Healthy Baked Tilapia: Nutritional Benefits & Easy Cooking Tips
Tilapia (Cooked, Dry Heat) – Nutritional Information
Tilapia, when cooked using dry heat, is a nutrient-dense and versatile fish, offering a host of essential vitamins and minerals. It is a lean source of protein, low in fat, and virtually free of carbohydrates. Tilapia is an excellent choice for those looking to maintain a healthy diet while enjoying a mild-tasting fish that pairs well with a variety of seasonings and sides.
Here’s a detailed breakdown of the nutritional values of tilapia per 100 grams:
| Nutrient | Amount | 
|---|---|
| Energy (Calories) | 128.0 kcal | 
| Protein | 26.15 g | 
| Total Fat | 2.65 g | 
| Saturated Fat | 0.94 g | 
| Carbohydrates | 0.0 g | 
| Fiber | 0.0 g | 
| Sugars | 0.0 g | 
| Calcium | 14.0 mg | 
| Iron | 0.69 mg | 
| Magnesium | 34.0 mg | 
| Phosphorus | 204.0 mg | 
| Potassium | 380.0 mg | 
| Sodium | 56.0 mg | 
| Zinc | 0.41 mg | 
| Copper | 0.075 mcg | 
| Manganese | 0.037 mg | 
| Selenium | 54.4 mcg | 
| Vitamin C | 0.0 mg | 
| Thiamin (B1) | 0.093 mg | 
| Riboflavin (B2) | 0.073 mg | 
| Niacin (B3) | 4.745 mg | 
| Vitamin B6 | 0.123 mg | 
| Folate (B9) | 6.0 mcg | 
| Vitamin B12 | 1.86 mcg | 
| Vitamin A | 0.0 mcg | 
| Vitamin E | 0.79 mg | 
| Vitamin D2 | 3.7 mcg | 
Health Benefits of Tilapia
- High in Protein: With over 26 grams of protein per 100 grams, tilapia is an excellent source of lean protein, crucial for muscle growth, repair, and overall body function.
- Low in Fat: Tilapia contains only 2.65 grams of total fat, making it a heart-healthy choice for those seeking to reduce their fat intake.
- Rich in Essential Minerals: This fish provides a good source of phosphorus, magnesium, potassium, and selenium, which support bone health, nerve function, and immune system performance.

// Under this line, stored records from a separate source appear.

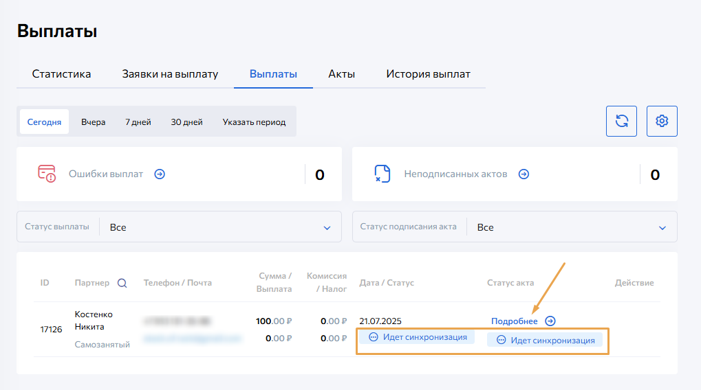 Также после отправки выплаты в JF, во вкладке Акты появится информация о статусе синхронизации акта с кабинетом JF, о статусе подписания акта сторонами с помощью ЭЦП.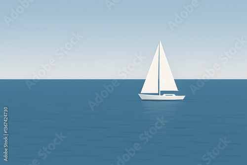 © Sebastian, Obraz premium Minimalist sailboat on calm sea with clear sky and blue horizon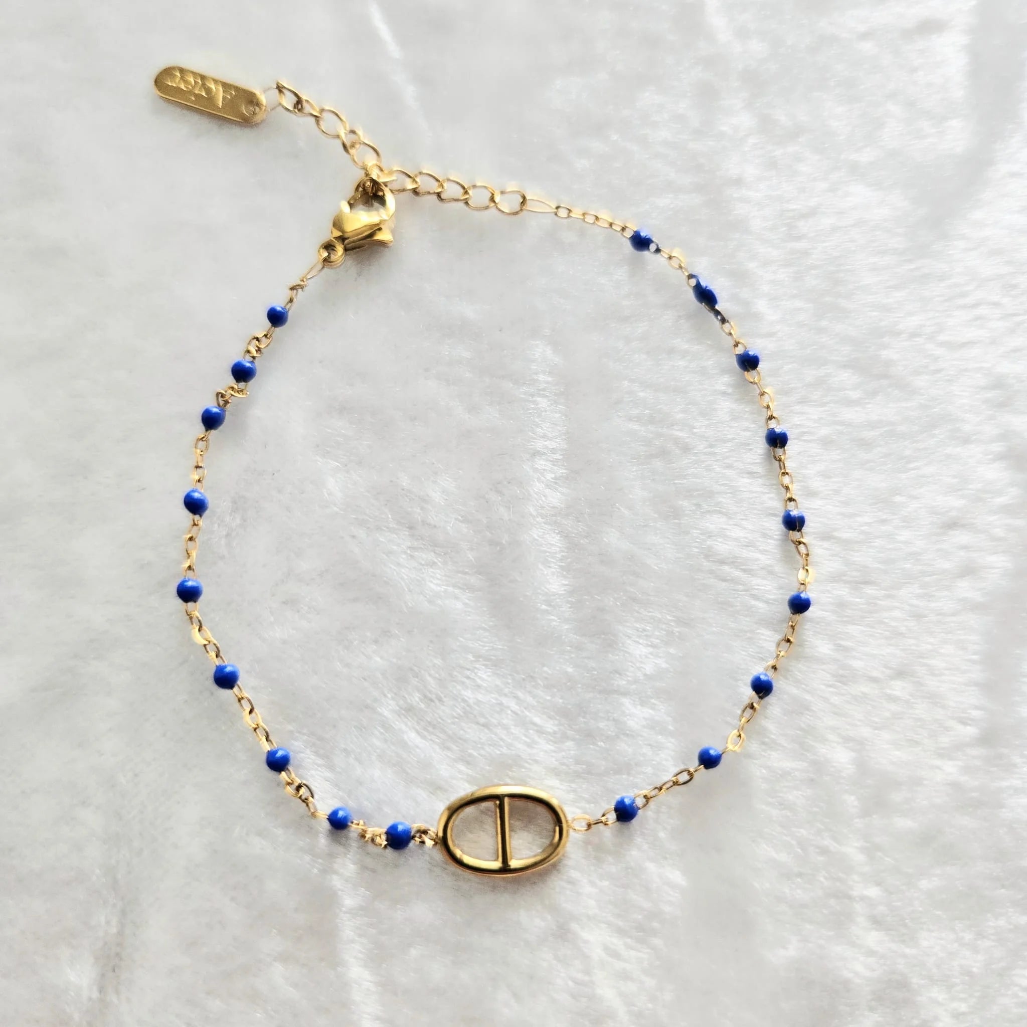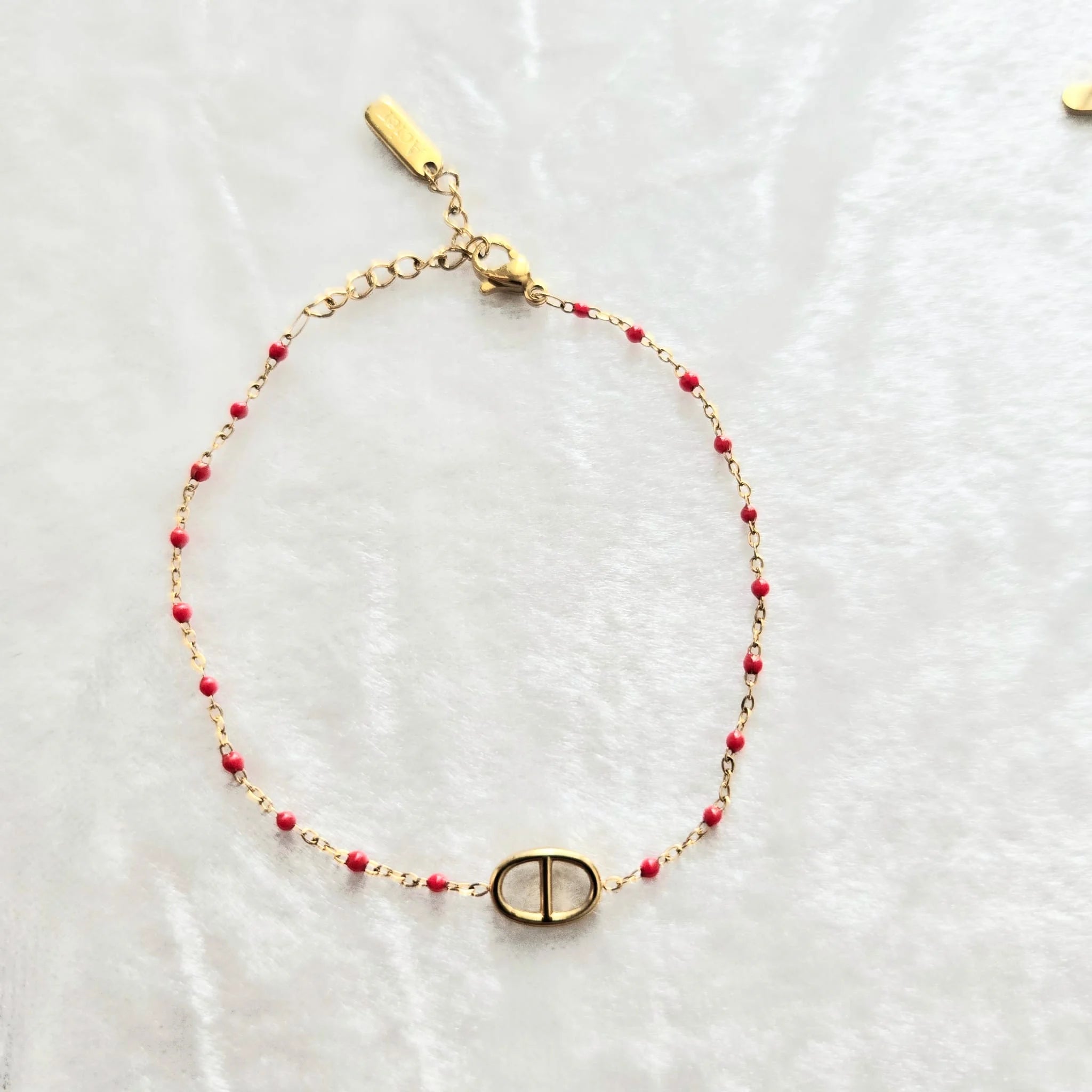 Le bracelet Nouria se distingue par sa finesse et son élégance. Composé d'une chaîne dorée ornée de petites perles émaillées colorées (rouge ou bleu), il est sublimé par un maillon central ovale à l’allure contemporaine. Un bijou discret mais raffiné qui habille le poignet avec légèreté.

- Vitamin-Rich: While tilapia contains modest amounts of several B vitamins (such as niacin and vitamin B12), it is particularly beneficial for energy metabolism and red blood cell formation.
Allergen Information
Tilapia is considered a low-risk allergen for most individuals, but like all fish, it can cause allergic reactions in people who are sensitive to seafood. If you have a known fish allergy, it is advised to avoid tilapia or any other fish products.
Dietary Preferences
- Gluten-Free: Tilapia is naturally free of gluten, making it suitable for those with celiac disease or gluten sensitivities.

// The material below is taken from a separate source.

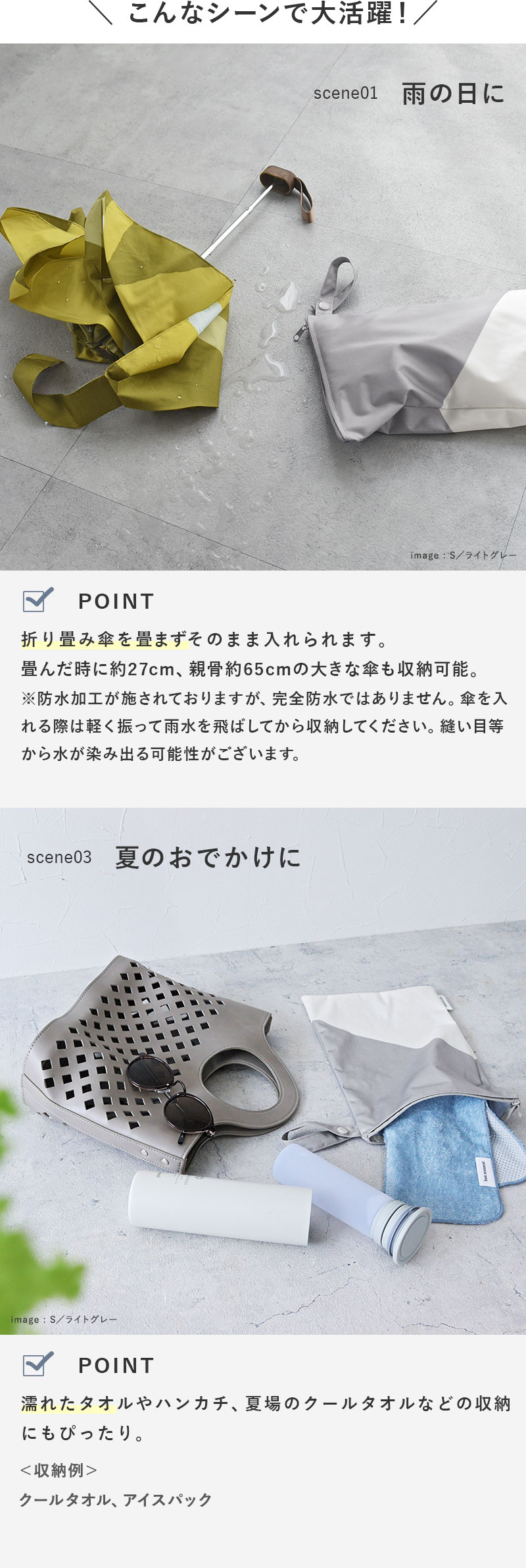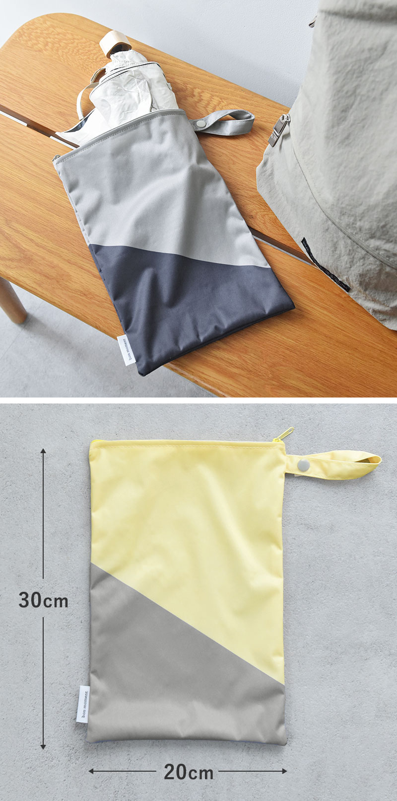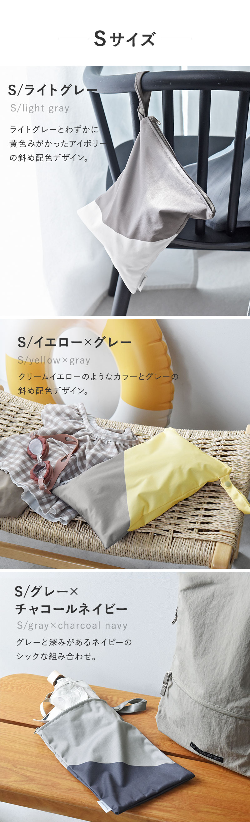 バスタオルが入るくらい大きめMサイズと、折り畳み傘を入れるのにぴったりコンパクトなSサイズの2サイズご用意しています。

- Low-Carb: As tilapia contains no carbohydrates, it is ideal for those following low-carb, keto, or diabetic-friendly diets.
- Paleo-Friendly: Tilapia fits well into paleo diets, offering a lean protein source without processed ingredients or grains.
Cooking Tips
Tilapia can be cooked in various ways, including grilling, baking, or pan-frying. It pairs wonderfully with lemon, herbs, or spices like paprika, garlic, or thyme. For a simple and healthy preparation, try baking tilapia with a sprinkle of olive oil, fresh herbs, and a squeeze of lemon. Its mild flavor allows it to complement both light vegetable sides and heartier grains like quinoa or rice.
Conclusion
Tilapia is an excellent choice for a healthy, protein-packed meal. It is low in fat, high in essential nutrients, and versatile enough to be incorporated into a wide variety of dishes. Whether you’re looking for a light weeknight dinner or a simple protein addition to your meal, tilapia is an accessible and nutritious option.